BEGIN Input data

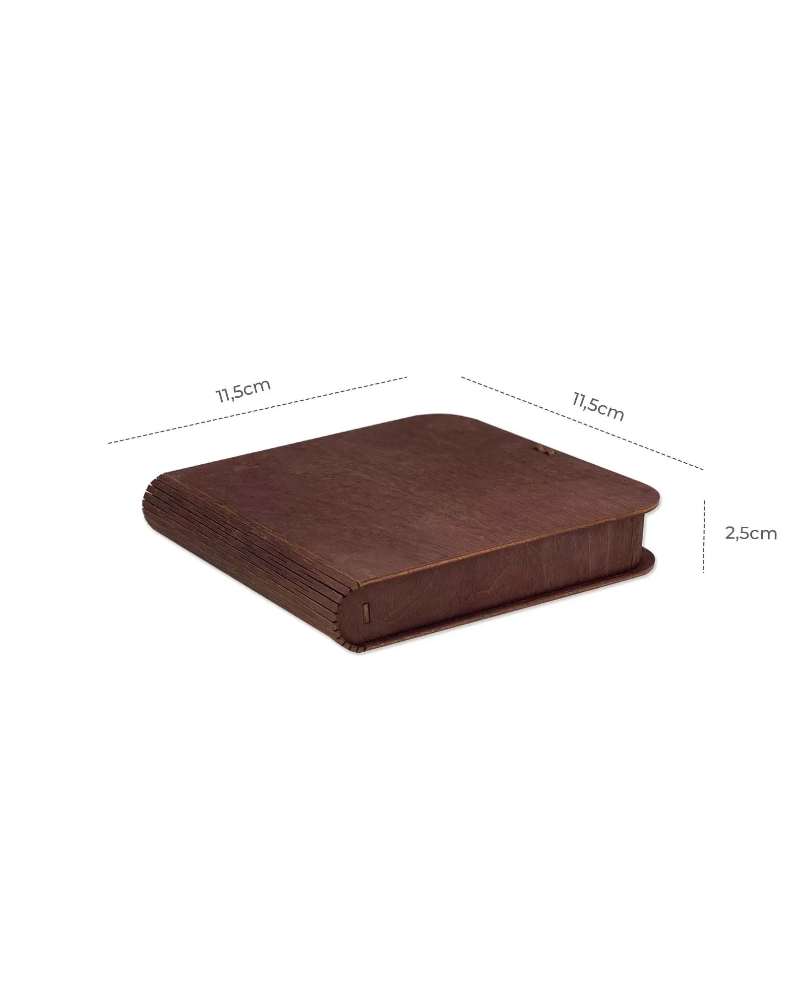 Medinės dėžutės išmatavimai: 11,5 x 11,5 x 2,5 cm.
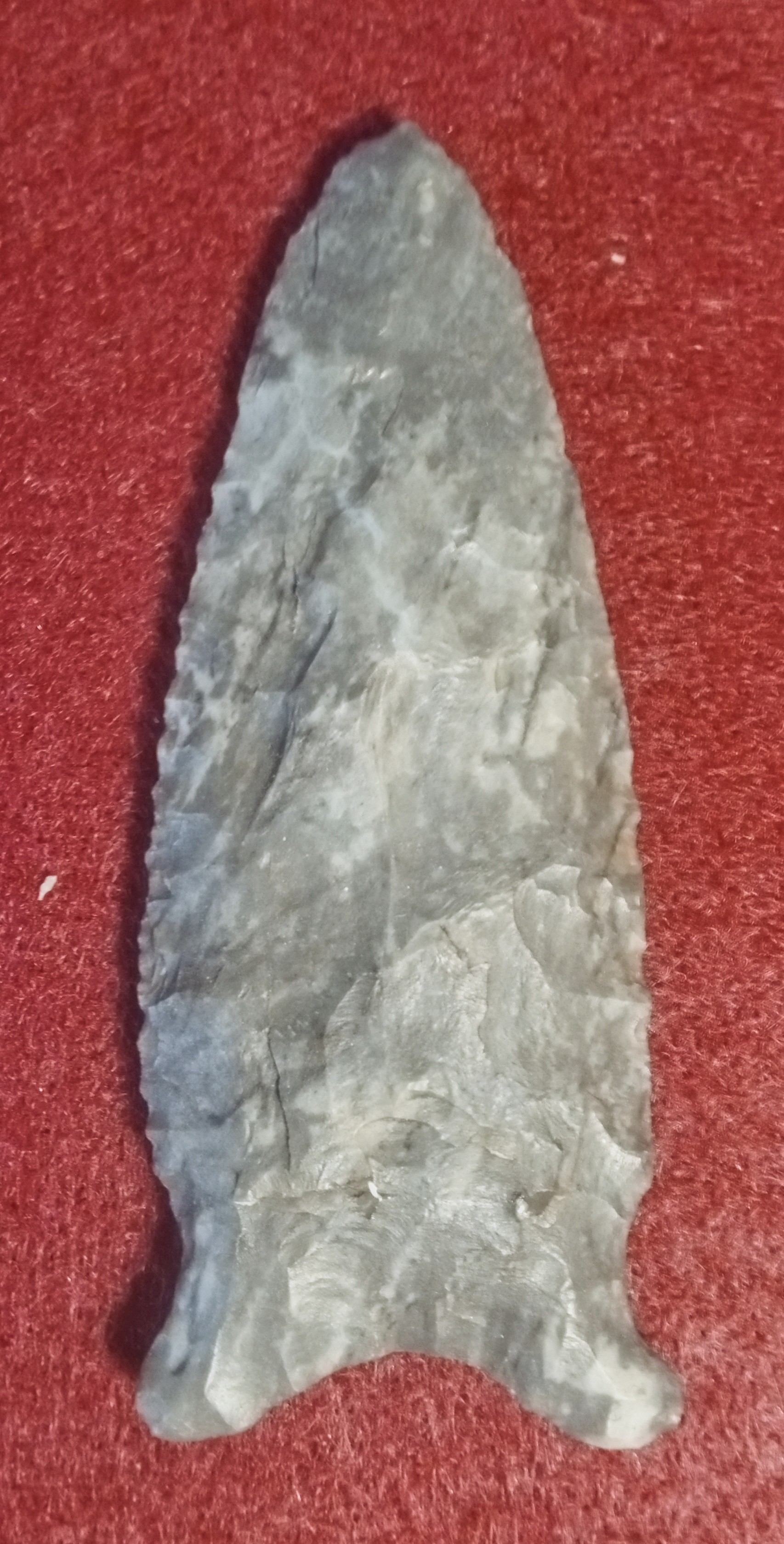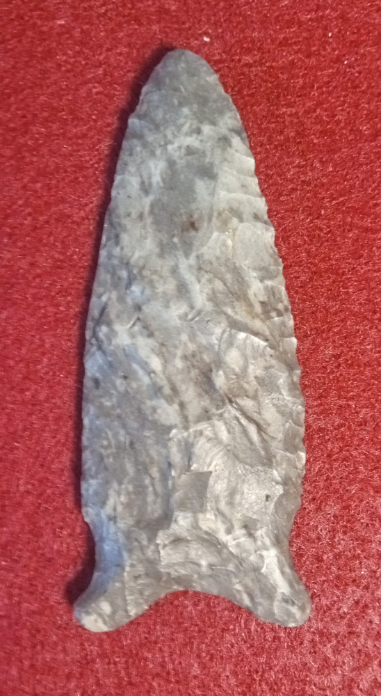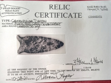 This Greenbriar Dalton was found in Hardin Co., Kentucky and is made from a rare, blue Harrodsburg chert. This artifact comes with a Dwain Rogers COA. A top-end artifact for type and material.
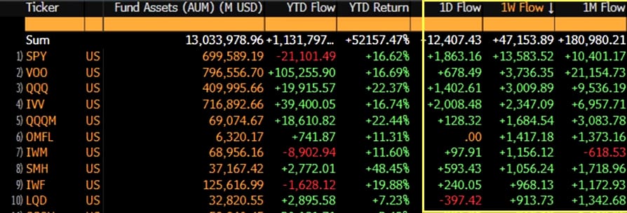 Despite the sell-off, ETF buyers remain in Buy-the-dip mode. Inflows were still positive on the week, in fact $13bn net went into SPY (S&P500) alone. As long as the dip buyers are still playing, this can still be considered a pullback, rather than a reversal.
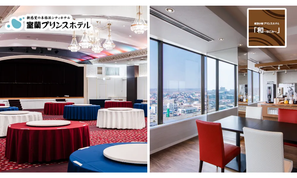 新苫小牧プリンスホテルでは、会場使用料が120分無料になり、デジタルサイネージやマイクの貸出も無料です。特に、当日宿泊をご希望の場合は優待価格でのご案内が受けられるのも嬉しいポイント。円卓での正餐形式や、苫小牧市内の美しい景色を楽しめる11階のレストラン「7stars」など、様々なスペースがご利用可能です。
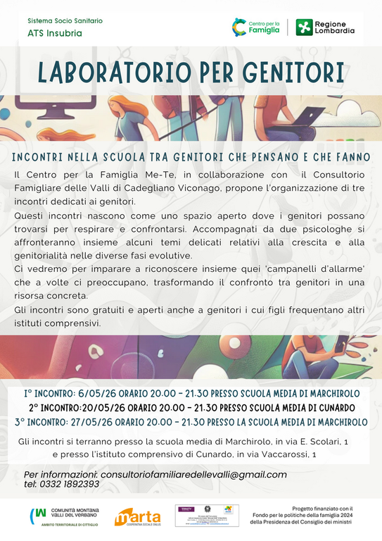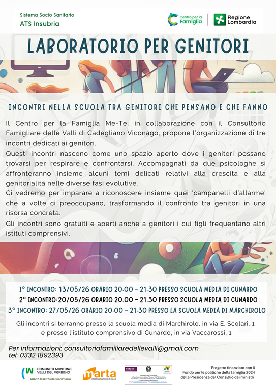 Proprio in questo senso, il Consultorio Familiare di Cadegliano Viconago, partner della co-progettazione insieme all’Istituto Comprensivo di Cunardo e Marchirolo, offre un percorso formativo in tre incontri grazie al quale, guidati da due psicologhe e psicoterapeute, i genitori potranno approfondire temi cruciali per il benessere dei figli.

END Input data

» **Assignment**
The response should be the lines from the one containing "新苫小牧プリンスホテルでは、" through the final line of the records, reproduced exactly and with every picture left out.

» **Response box**
 新苫小牧プリンスホテルでは、会場使用料が120分無料になり、デジタルサイネージやマイクの貸出も無料です。特に、当日宿泊をご希望の場合は優待価格でのご案内が受けられるのも嬉しいポイント。円卓での正餐形式や、苫小牧市内の美しい景色を楽しめる11階のレストラン「7stars」など、様々なスペースがご利用可能です。
 Proprio in questo senso, il Consultorio Familiare di Cadegliano Viconago, partner della co-progettazione insieme all’Istituto Comprensivo di Cunardo e Marchirolo, offre un percorso formativo in tre incontri grazie al quale, guidati da due psicologhe e psicoterapeute, i genitori potranno approfondire temi cruciali per il benessere dei figli.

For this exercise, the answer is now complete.